Diagram of the Penelope infrastructure. Components for data collection, analysis, and visualization are implemented as RESTful microservices, which are exposed through their web API. The components can be used by (1) other components, for instance in the case of the semantic frame extractor, which calls the dependency parser; (2) dedicated interfaces, which are typically web pages that provide a graphical way to carry out analyses, for example, in the form of an opinion observatory or a visual programming tool; and (3) developers, who can call them directly from their computer programs.

Penlope’s decentralized and collaborative approach meets some key requirements for doing computational social sciences and humanities research. First, the open data formats and communication specifications are geared toward an increased FAIRness (Findability, Accessibility, Interoperability, and Reusability) of datasets and services (Wilkinson et al., 2016). This also opens up the possibility for the Penelope infrastructure to be integrated with other infrastructure projects that support the study of cultural and societal data, such as DARIAH and CLARIN (CLARIN, 2019; DARIAH-EU, 2019). Second, the flexibility Penelope offers in terms of creating custom pipelines and implementing graphical interfaces means that the platform can benefit diverse users and projects. The modular approach for instance allows developers to deploy resources available as soon as they are ready, without having to wait until an entire centralized infrastructure is completed. Similarly, Penelope’s modularity allows for a diversification of methods and perspectives. Rather than offering one-size-fits-all solutions, the platform allows users to combine components in ways that are required to deal with the often unstructured nature and ambiguity of web data (see Rogers, 2013, p. 205), as well as to attune the results to various qualitative and quantitative research paradigms.

It should be noted that “openness” in this technological sense does not always imply openness from a user perspective. Requirements in terms of understanding at least the basics of pipeline construction in programming languages such as R and Python, calling APIs, and being familiar with digital research methods might realistically restrict users to computational social scientists, digital humanists, and related groups. In the iteration of the infrastructure discussed in this article, technical barriers to entry are lowered through a series of user interfaces. This to an extent allows tools to be consulted both by technical specialists and researchers or citizens less versed in programming. There are, however, some limiting factors to user interfaces that should be acknowledged, notably that graphical interfaces might diminish control over options and attributes that might be more easily adjusted in programming environments. Similarly, user interfaces cannot be a stand-in for a thorough explanation of methods and the algorithms behind them. One approach for avoiding this type of black-boxing currently implemented in the project is splitting up larger pipelines into smaller components, as exemplified by the access to the spaCy natural language processing tools (see Penelope, 2019). In this suite of tools, each step in the NLP pipeline (e.g., tokenization, lemmatization, noun chunking, part-of-speech tagging) is accessed through a separate API endpoint, raising user awareness about the functionalities and roles of each of the individual components.

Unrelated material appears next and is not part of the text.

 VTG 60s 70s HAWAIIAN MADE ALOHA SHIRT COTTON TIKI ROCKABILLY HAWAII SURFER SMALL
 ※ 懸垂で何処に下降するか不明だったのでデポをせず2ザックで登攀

While improving users’ engagement can be approached in terms of education, software, and user interface design, there is much less of a clear development pathway when it comes to controlling the intentions and motivations behind the use of these observatories. Indeed, machine-guided and man-incentivized analyses are susceptible to various forms of misuse, such as exploiting weak points in debates and distributing misinformation. This raises important questions and concerns about how to prevent or mitigate this risk of abuse. Addressing all of these threats and approaches in detail is beyond the scope of this article as well as beyond the current capacities of the infrastructure under discussion (for a more thorough analysis, see Rogers, 2018). Yet some key aspects of this matter nonetheless warrant a further elaboration.

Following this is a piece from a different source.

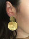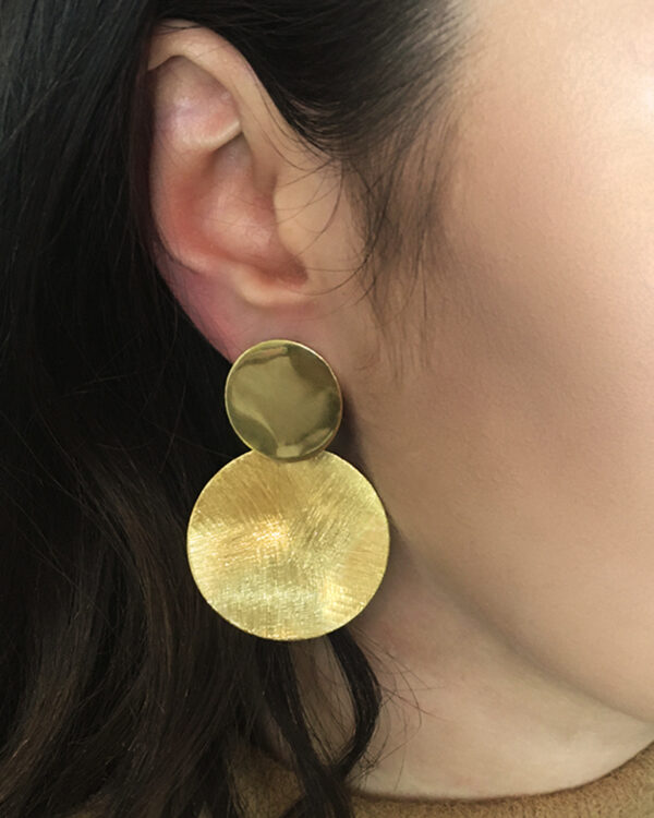 Kolczyki Duże Podwójne Koła Satynowe wykonane z najwyższej Próby Srebra 925 – bez dodatku niklu, nie uczulają. Kolczyki pokryte 3 warstwami 24 karatowego złota. Długość kolczyków: 50×34 mm.

One ethical aspect of digital media monitoring that is foregrounded by the construction of observatories concerns responsibility and control over analyses and underlying algorithms. The Penelope infrastructure follows a distributed model, where components can be sourced from different stakeholders. This decentralized approach entails a distribution of responsibilities, which in turn stresses the importance of community building and management. On the level of pipelines and observatories, a measure of control can be introduced by balancing modularity with teleology and narratives. The climate change opinion observatory that will be introduced and discussed in the following section is for instance conceptualized as a pipeline that guides the user step by step through the cycle of data selection, exploratory analyses, and in-depth analyses aimed specifically at mapping opinions and beliefs on the basis of expressions of causation.

Another area of ethical debate concerns not so much the observatory’s analytical components (analyses and algorithms), but rather the nature, quality, and sampling of the data that are used as inputs for observation. In the presently discussed iteration of the infrastructure, data input can be sourced from social media and other platforms, gathered or created by researchers, or accessed through open APIs. One might, for instance, use a coding environment such as a Jupyter notebook to call text analytical tools from an API for the analysis of locally stored textual data (Kluyver et al., 2016).

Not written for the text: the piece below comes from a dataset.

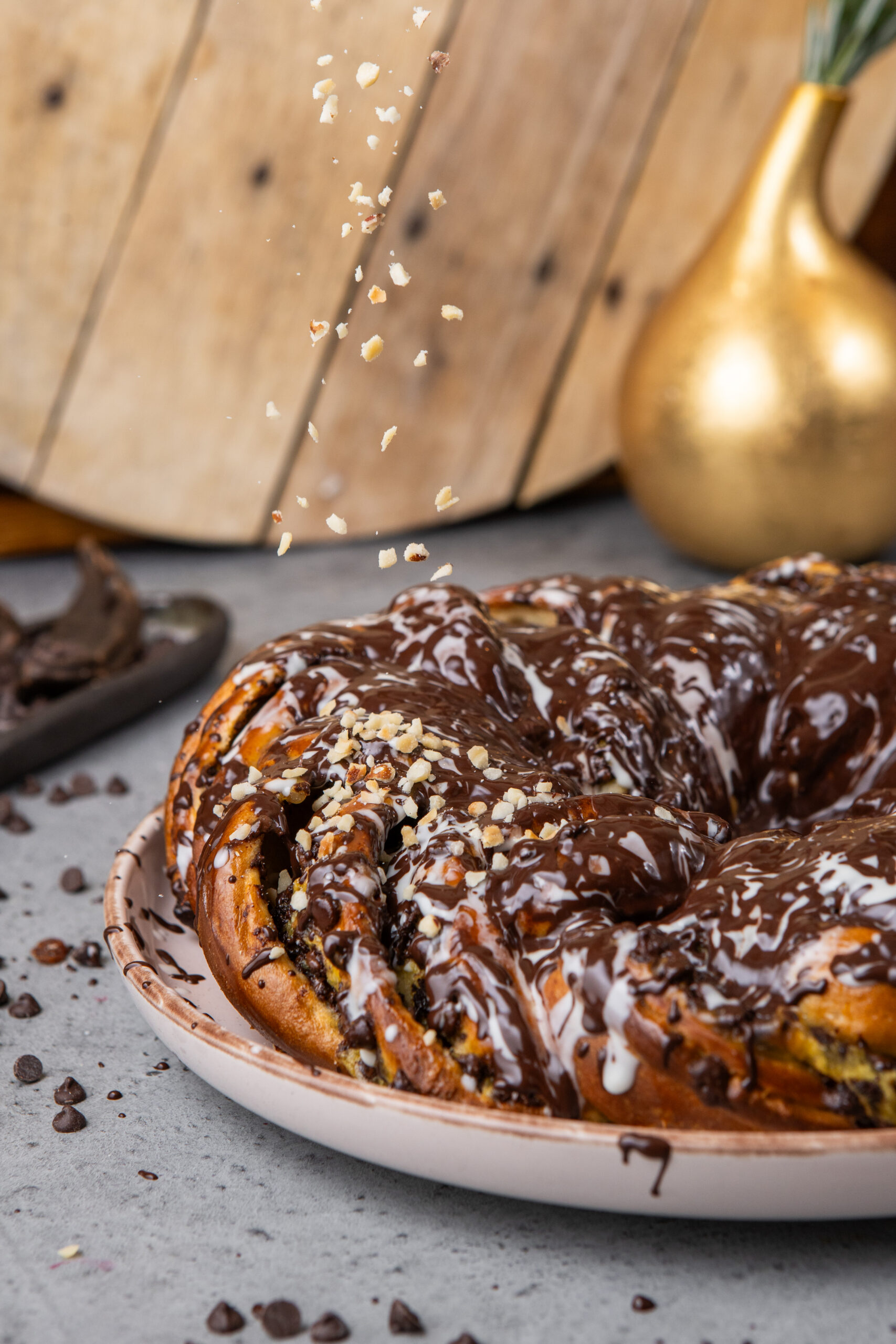 Chocolate twist16.00 € – 32.00 €Price range: 16.00 € through 32.00 € Classic twist with vanilla cream, cinnamon and lots of chocolate. Inside of the twist is dark chocolate, covered with white chocolate glaze. Decorated with hazelnuts. Size Choose an option0,8 kg1,6 kgClear Add to cart Back to shop Related products Chicken fillet twist with feta and spinach 16.00 € – 32.00 €Price range: 16.00 € through 32.00 € Select options This product has multiple variants. The options may be chosen on the product page Read more Quiche with mushrooms 0,8 kg 25.00 € Add to cart Read more Cowberry-marzipan twist 16.00 € – 32.00 €Price range: 16.00 € through 32.00 € Select options This product has multiple variants. The options may be chosen on the product page Read more Ham and cheese twist 16.00 € – 32.00 €Price range: 16.00 € through 32.00 € Select options This product has multiple variants. The options may be chosen on the product page Read more

On a general level, matters and principles of data creation, acquisition, and data use and re-use are governed by a series of legal and ethical frameworks, as well as standards for sound scholarship. This includes data protection legislation and copyright and IP laws, control mechanisms installed by the academic community (e.g., open data policies and peer review), and institutional data management regulations and guidelines. Operating on the level of data input, these measures increase the ultimate validity and reliability of analyses. In practice, however, numerous factors might still compromise the integrity of data. Data might for instance be manipulated by untruthful social media users, or misrepresented through the algorithmic bias on the social media platforms themselves. Furthermore, changing privacy regulations might facilitate the deletion of entries from media platforms, which might impose a distorting factor that will need to be reckoned with in increasing measure. Overall, it has to be acknowledged that media observatories are tied to a number of not always equally visible dependencies at data inflow. It should also be added that this can go both ways, as observatories and the digital methods they encapsulate might provide insight into precisely those mechanisms that distort social media data and information (see the aforementioned analysis of Wikipedia editing practices and other examples in Rogers, 2013). Illustrating this principle, the current Penelope component ecology contains a multidimensional outlier explorer that can be used to detect anomalies in the data (see Penelope, 2019).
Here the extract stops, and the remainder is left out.